Bu durum müfettişlik konusuna daha fazla eğilmeme ve Türkiye genelinde incelememe sebep oldu. Bu işin kâbesi Maliye Bakanlığı idi. Maliye Müfettişleri de bu bakanlıkta aynı konumdaydılar. Bazı bakanlıklar, bankalar ve bazı iktisadi devlet kuruluşlarında da benzer uygulamalar vardı.

Kararımı verdim. Kulvar değiştirecek ve müfettiş olacaktım. Hedefimi tayin ettikten sonra açığımı kapatmak için muhasebe ve ticari aritmetik çalıştım.

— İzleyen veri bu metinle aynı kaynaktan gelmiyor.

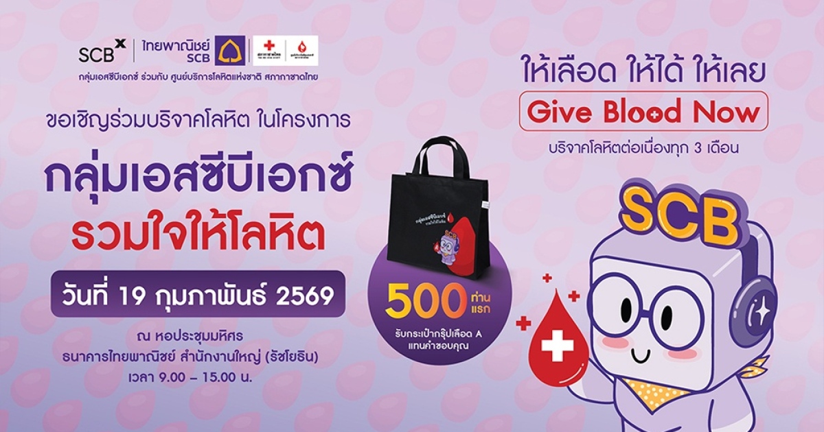 กลุ่มเอสซีบีเอกซ์ โดยธนาคารไทยพาณิชย์ ร่วมกับ ศูนย์บริการโลหิตแห่งชาติ สภากาชาดไทย ขอเชิญร่วมบริจาคโลหิต เติมเต็มปริมาณโลหิตสำรองคงคลัง ภายใต้โครงการ “กลุ่มเอสซีบีเอกซ์ รวมใจให้โลหิต” ในวันพฤหัสบดีที่ 19 กุมภาพันธ์ 2569 เวลา 9.00-15.00 น. ณ หอประชุมมหิศร ธนาคารไทยพาณิชย์ สำนักงานใหญ่ (รัชโยธิน) เพื่อส่งต่อโลหิตที่มีคุณภาพให้มีเพียงพอต่อการรักษาพยาบาลผู้ป่วยทั่วประเทศ ยังมีผู้ป่วยจำนวนมากที่กำลังรอรับโลหิตเพื่อต่อลมหายใจ “Give Blood Now ให้เลือด ให้ได้ ให้เลย” การบริจาคโลหิต 1 ครั้ง สามารถนำไปช่วยชีวิตผู้ป่วยได้มากกว่า 3 ชีวิต ผู้บริจาคโลหิต 500 ท่านแรก รับ “กระเป๋ากรุ๊ปเลือด A” แทนคำขอบคุณ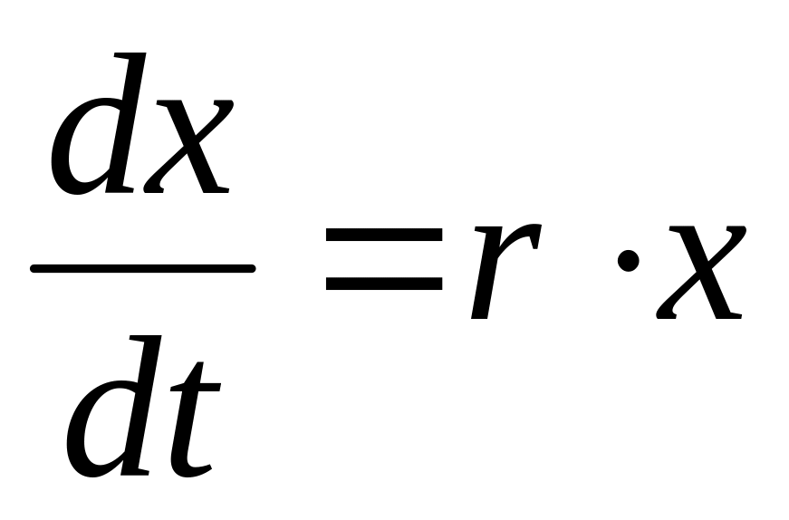 где x – численность (плотность) популяции, t – время, r – мальтузианский параметр, имеющий смысл удельной скорости роста. Размерность мальтузианского параметра – [время-1]. Решением данного уравнения является выражение:

Her zaman yemek yediğim salonda girdiğim sınav sonuçları açıklandığında çok mutluydum. Hedefime ulaşmıştım. Ziraat Bankası’nda kurmay sınıfına dahil olmuştum.

Ne var ki Ziraat Bankası müfettişliğim çok uzun sürmedi. Bir müddet sonra Ticaret Bakanlığı Teftiş Kurulu sınavını kazanarak bankadan ayrıldım.

Memuriyeti, çalışma disiplinini ben Ziraat Bankası’nda öğrendim. Ziraat Bankası Türk Bankacılığı için bir okuldu. Türkiye’nin çok önemli geniş halk kitlelerine hizmet veren bir kurumdu.

Çeşitli alanlarda kurduğu şirketleri ile de ülke ekonomisine çok değişik hizmetler vermekteydi.

Osmanlı’dan Cumhuriyet’e intikal eden, ancak Cumhuriyet’i yadırgamayan, Cumhuriyet’in yadırgamadığı çağdaş bir kuruluştu.

Temeli Mithat Paşa tarafından atılan, Büyük Atatürk tarafından onurlandırılan T.C. Ziraat Bankası Cumhuriyet durdukça var olsun.